Free Fallen Fruit

Among the originators of tree gleaning, L.A.’s Fallen Fruit have a different way of going about it. They bill themselves as an “activist art project.” The group started by mapping and gathering public fruit, “which is what we call all fruit on or overhanging public spaces such as sidewalks, streets or parking lots.”

They now have a humble goal:

We ask all of you to contribute your maps so they expand to cover the United States and then the world.

fallen fruit. photo by pinkangelbabe via creative commons.In addition to encouraging folks to map and harvest public fruit, they’re big on community-building. Part of that comes from their annual Public Fruit Jam, an event where participants bring public or home grown fruit and a jar, then leave with, you guessed it, jam.  

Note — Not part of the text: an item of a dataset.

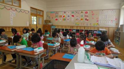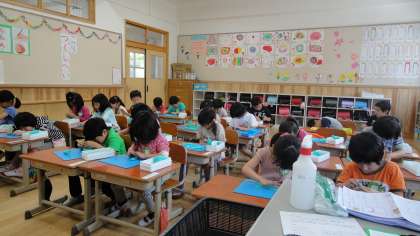 図画工作の時間に「ひもひもねんど」に取り組みました。ひものように細長くしたねんどを組み合わせて,みんなが個性的な作品をつくりました。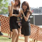 会場には今年のトレンドであるボヘミアンスタイルや、友達やパートナーと⾊やアイテムを合わせたシミラールックコーデに加え、柄シャツを取り⼊れたコーディネートも多く⾒られた。世界的なトレンドにもなっているストーンやパールを派⼿に使ったメイク、編み込み・三つ編みヘアなどメイクや髪型にも個性が溢れるファッションで会場は彩られた。

(Slight tangent–I couldn’t help but notice that the host of the Public Jam also holds an annual Freeze-B-Q, which puts liquid nitrogen to good use. You bring food and they blend it and freeze it into a popsicle. Would more folks eat their leftovers if they were in a lickable form? Yeah, probably not. )

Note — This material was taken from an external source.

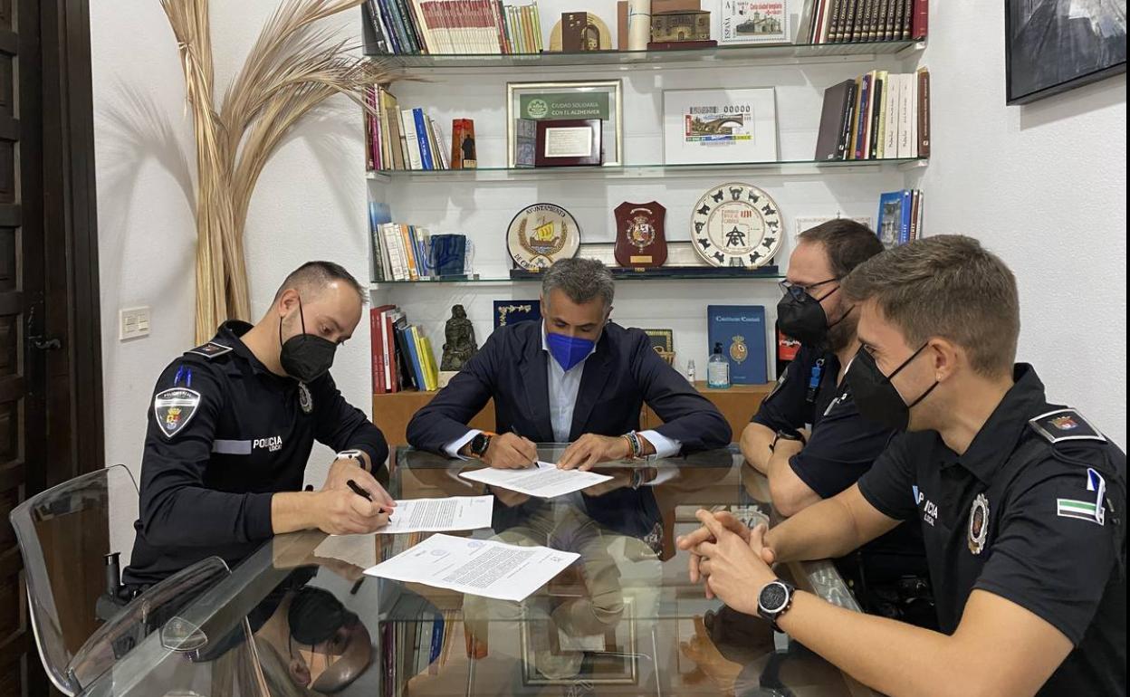 Julián se incorpora de manera oficial a su plaza por el procedimiento de movilidad. De esta manera, se ha celebrado el acto de la firma de contratación como funcionario de carrera en el despacho del alcalde con la presencia del primer edil, José Manuel García Ballestero y dos agentes de la policía local.

Back to Fallen Fruit, the reason I’m writing about them now is that the trio have two art exhibits on in L.A. Based on the review, it sounds like the latter, Fresh ‘n Easy, is really worth checking out for you Angelinos. In addition to the photographs and Public Jam jars, the exhibit will include:

a “Public Fruit Exchange,” which implements a “barter don’t buy” ethic implicit in much of their work. On these shelves will be public fruit left by the artists which is free to be taken and in particular exchanged for other fruit that visitors to the exhibition can bring from their neighborhood.